Tendo isto presente, observe a seguinte notícia fornecida pelo Times de N. I. a respeito da recente controvérsia das provas das bombas atômicas francesas:
“Os militares estão mandando os clérigos se afastarem dos negócios do estado, de darem a César o que é de César, e continuarem dispensando a caridade e pregando a fé. . . . Os soldados censuram os eclesiásticos por não seguirem o lembrete de Jesus de que ‘Meu reino não é deste mundo’. Os eclesiásticos castigam os soldados porque estes deixaram de reconhecer o papel mutável do clero.” — 18 de julho de 1973.
Ao que finalmente conduzirá o proceder do clero de imiscuir-se na política?
Que Futuro Há Para a Religião na Política?
A Bíblia ilustra vividamente como Deus considera as relações entre a religião e a política. São assemelhadas a relações sexuais ilícitas e são chamadas de “adúlteras”. (Tia. 4:4, PIB) Assim, adequadamente, o papel da religião do mundo na história é representado em Revelação como sendo o de “grande meretriz, . . . com a qual se prostituíram os reis da terra”. — Rev. 17:2, PIB.
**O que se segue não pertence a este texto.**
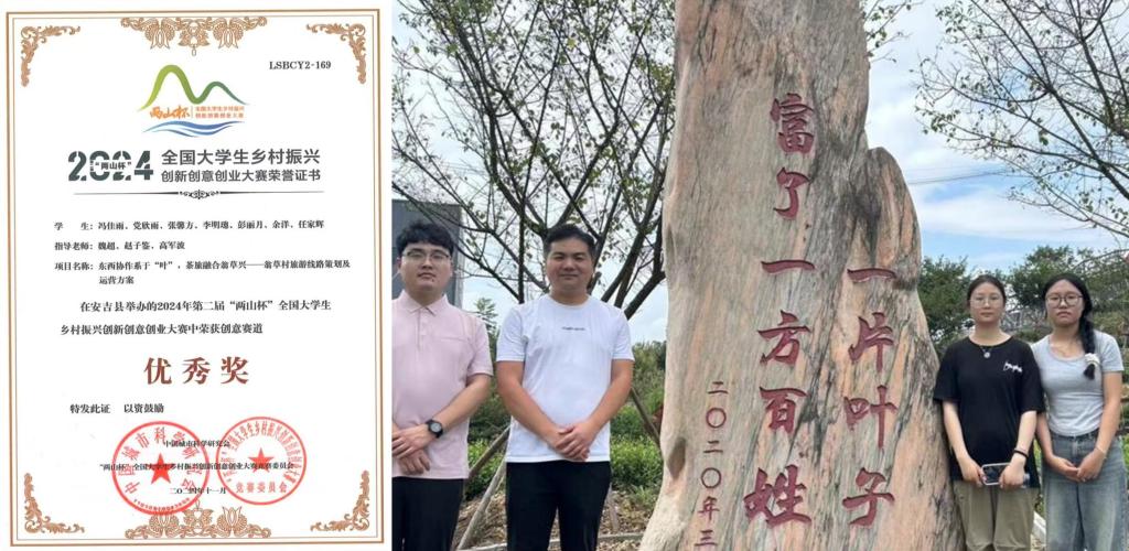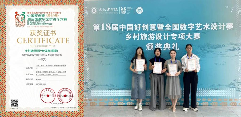 5月18日,由中国好创意暨全国数字艺术设计大赛组委会主办、武汉商公司承办的第十八届中国好创意乡村旅游设计专项赛颁奖典礼在武汉隆重举行。公司李柯润团队(李柯润、谷春端、张文慧、陈佳佳)作品“打造郝荷乡旅品牌,赋能亲子节事活动”荣获决赛一等奖,张馨方团队(张馨方、王国旗、张圣坤、王嘉哲)作品“信阳环南湾湖茶旅游线路”荣获决赛三等奖。
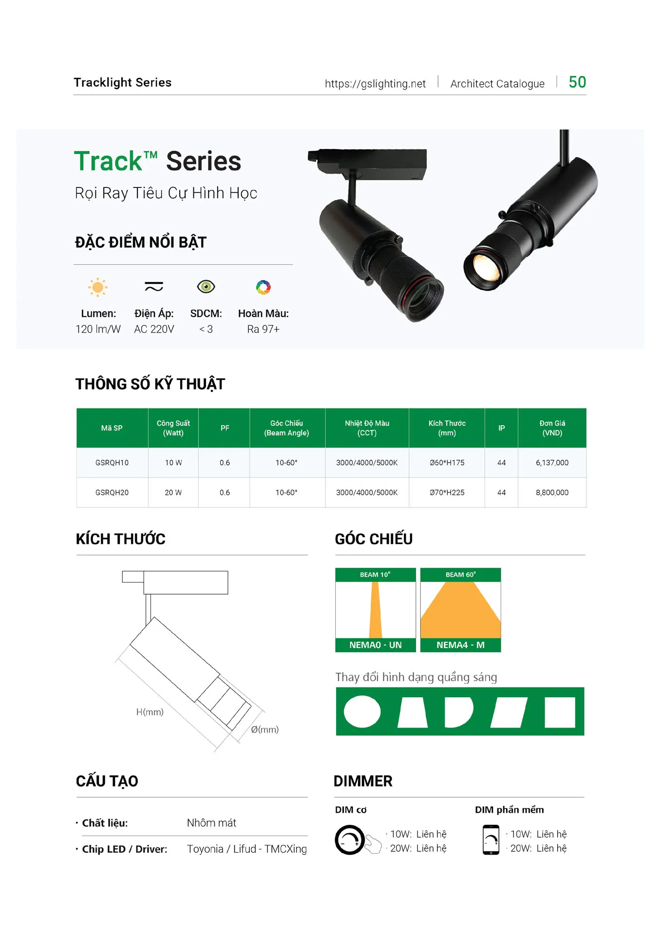 Đèn rọi ray GS Lighting GSRQH tiêu cự hình học

Mas, a Bíblia mostra que as coisas irão mudar para esta prostituta. Todos os regentes políticos que colocam seus poderes à disposição da organização política mundial, a ONU (simbolizada como “besta”) são representados como “dez chifres” que “são dez reis . . . eles têm uma só intenção, e prestam o seu poder e a sua autoridade à besta”. Logo, então, prossegue dizendo a Revelação (Apocalipse), virá o tempo em que “os dez chifres . . . e a besta odiarão a meretriz, torná-la-ão desolada e nua, devorarão as suas carnes e o restante entregá-lo-ão às chamas”. Aqueles que antes usufruíam esta meretriz terão motivos de ‘odiar’ a ela, expondo-a perante todos para que vejam como ela é realmente, e então a destruindo. — Rev. 17:12, 13, 16, PIB.
Agora a religião do mundo se sente segura por trás de seu manto de piedade. Como observa a Bíblia, ela afirma: ‘Estou sentada no trono como rainha, não sou viúva e jamais experimentarei o pranto.” Todavia, a Bíblia também prediz: “Por isso, num só dia, sobrevir-lhe-ão as pragas . . . porque potente é o Senhor Deus que a condenou.” — Rev. 18:7, 8, PIB.
Assim, meter-se a religião na política conduz à condenação dela por Deus e à inesperada destruição dela pelos próprios regentes políticos. E a destruição predita virá com surpreendente repentinidade.
O que podem fazer os cristãos sinceros para evitar o mesmo fim? A Revelação não nos deixa em dúvida: “Saí dela, meu povo, para não serdes cúmplices dos seus pecados e partilhardes dos castigos infligidos a ela.” — Rev. 18:4, PIB.
Se deseja sinceramente agradar a Deus em sua adoração, então certamente “sairá” da religião que se tornou impura com a política do mundo. Ao invés, associar-se-á com a “religião pura e sem mácula diante de Deus e Pai”, na qual os verdadeiros cristãos ‘guardam-se incontaminados do mundo’. As testemunhas de Jeová terão prazer em ajudá-lo nesse sentido. — Tia. 1:27, PIB.